Celui-ci évoque la notion de "haine gratuite" (la haine étant toujours sans motif) et parle du Deutéronome comme d'une "récapitulation de la Torah".
Il s'agit apparemment de notions talmudiques.
Pourriez-vous m'en indiquer la traduction hébraïque translittérée ainsi que les références ?

Je vous remercie par avance.
Chabbat chalom.

Jacques Kohn z''l
Dimanche 26 avril 2009 - 01:05

1. Ce que la tradition juive appelle la « haine gratuite » (En hébreu : Sinath ‘hinnom ») désigne l’une des causes de la destruction du deuxième Temple. Cette forme de haine est illustrée par l’anecdote suivante, racontée dans le Talmud :
Un homme avait un ami, appelé Kamtsa, et un ennemi, nommé Bar Kamtsa. Il chargea un jour son serviteur d’inviter Kamtsa à un banquet qu’il donnait en l’honneur des Sages. Mais l’homme se trompa et invita à sa place Bar Kamtsa.

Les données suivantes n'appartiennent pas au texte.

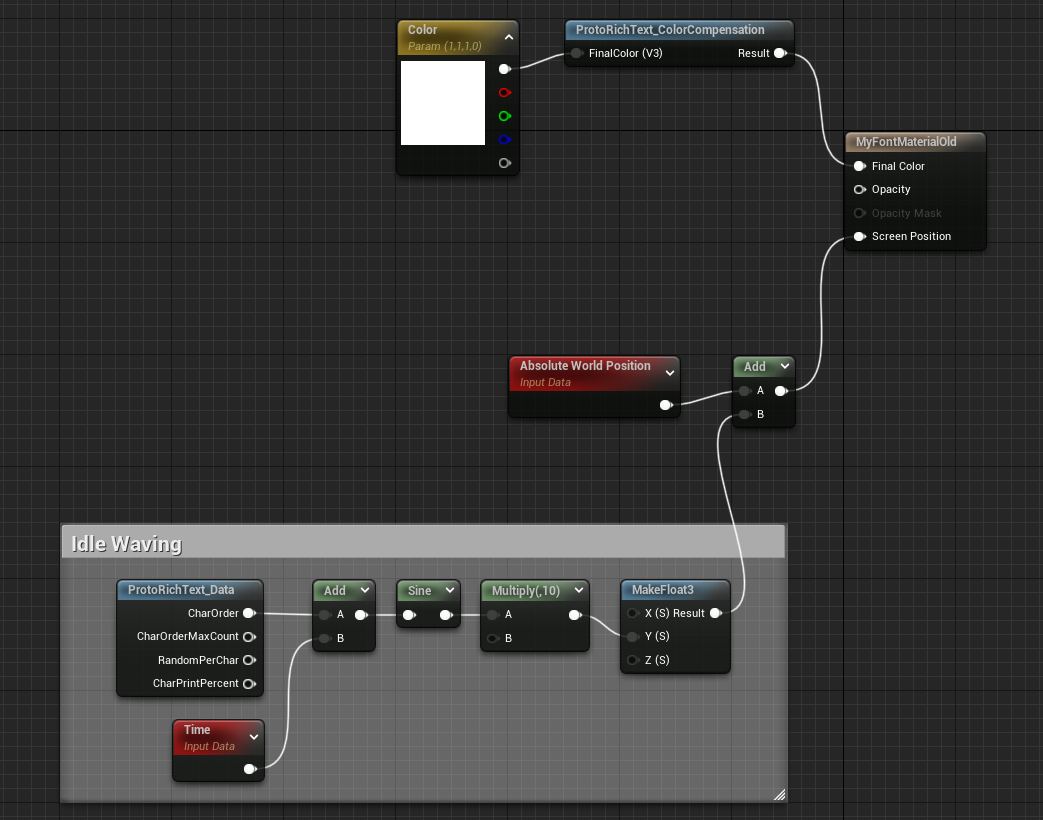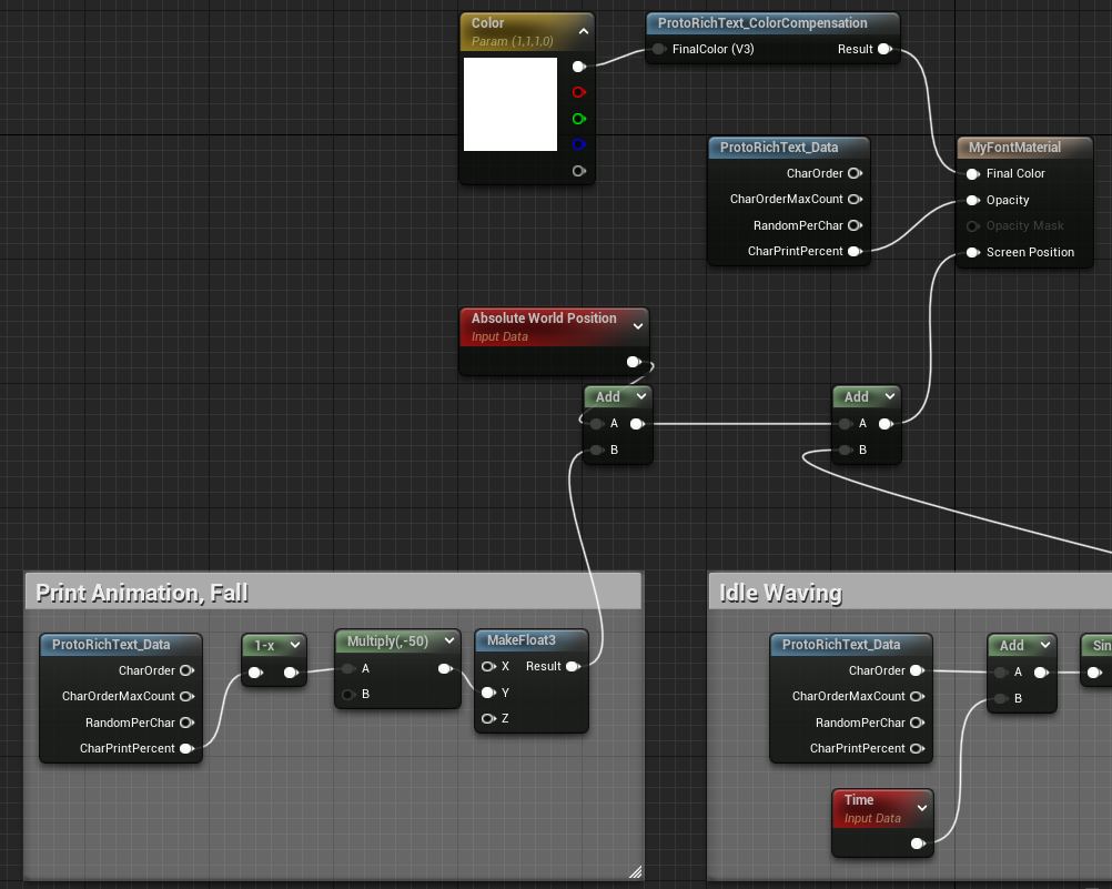 - The CharOrder pin on ProtoRichText_Data gives us an increasing number in-order per character. When added to Time, it offsets the Sine pattern per-character.

Lorsque le maître des lieux aperçut que Bar Kamtsa était présent, il l’interpella brutalement et lui intima l’ordre de quitter les lieux.

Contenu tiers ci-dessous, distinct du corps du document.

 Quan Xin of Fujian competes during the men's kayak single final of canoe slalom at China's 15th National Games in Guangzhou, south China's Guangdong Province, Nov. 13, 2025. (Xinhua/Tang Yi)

Bar Kamtsa lui répondit : « Etant donné que tu m’as invité, permets-moi de rester, et je te rembourserai la valeur de ce que j’aurai mangé et bu. »
« Non, dit l’autre ! Je veux que sortes de chez moi.

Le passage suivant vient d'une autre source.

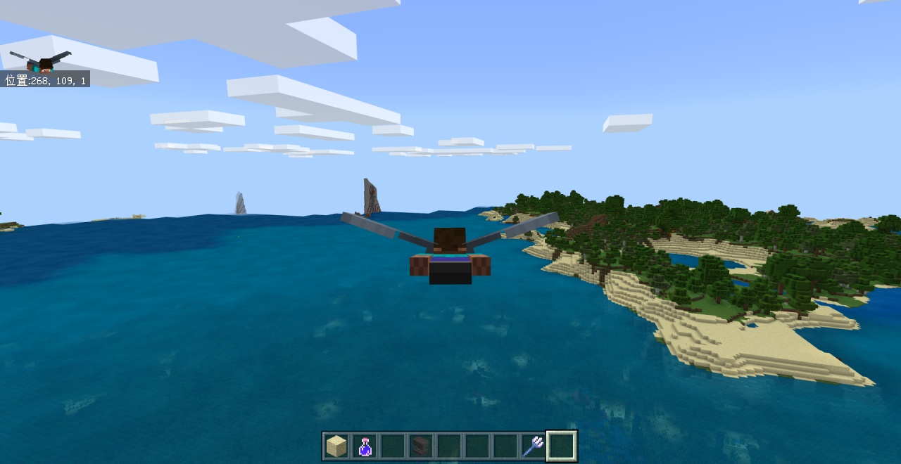 自从海洋版本更新后,我的世界中又新增了一种可以飞行的工具,那就是三叉戟。想要通过三叉戟来进行飞行,需要先对三叉戟进行附魔,如果附到激流就爽歪歪了。用三叉戟穿梭出去,从后面看起来是螺旋前进的,十分炫酷。
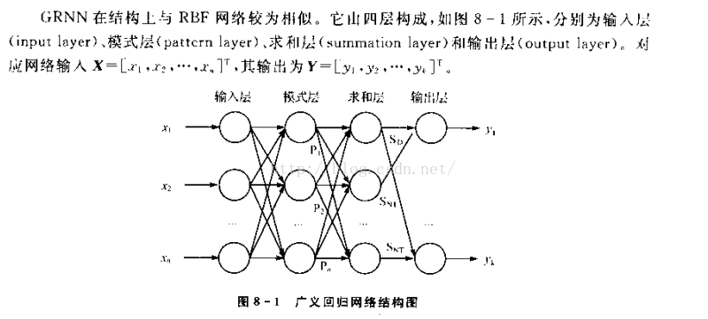 GRNN是RBF的一种改进,结构相似。区别就在于多了一层求和层,而去掉了隐含层与输出层的权值连接(对高斯权值的最小二乘叠加)。

– Je te rembourserai la moitié du prix total du banquet.
– Non, pas question.
– Je te rembourserai le prix total du banquet.
– Non, sors ! »
Le maître des lieux agrippa alors Bar Kamtsa et le jeta dehors.
Celui-ci se dit alors : « Etant donné que les Sages qui ont assisté à mon éjection n’ont pas réagi au comportement de leur hôte, cela veut dire qu’ils l’ont approuvée. Je vais aller les dénoncer en haut lieu. »
Il se rendit chez César et lui annonça :
« Les Juifs se sont rebellés contre toi.
– Qui a dit cela ?
– Envoie-leur un animal pour qu’ils l’offrent en sacrifice dans leur Temple, et vois ce qu’ils en feront ! »
César chargea Bar Kamtsa d’offrir en son nom un veau en sacrifice, mais celui-ci occasionna à l’animal un défaut physique le rendant inapte à être présenté sur l’autel.
Le refus qui s’ensuivit de la part des prêtres fut le point de départ de la crise qui précipita la Judée vers sa perte et le Temple vers sa destruction (Voir Yoma 9b et Guitin 55b-56a).
On peut constater à la lecture de ce récit, dont il importe peu qu’il relate un fait historique ou qu’il soit légendaire, que les valeurs morales qui caractérisaient la Judée dans les années qui ont précédé la destruction du Temple étaient relâchées, non seulement dans la population, mais aussi – et peut-être surtout – parmi les élites.

2. L’appellation de « Michné Tora » désigne dans la littérature rabbinique le cinquième livre du Pentateuque, le Deutéronome. Elle signifie « répétition de la Tora » et correspond ainsi très exactement à l’appellation qui lui a été donnée en français en référence au mot grec Δευτερονόμος (« Deutéronomos »).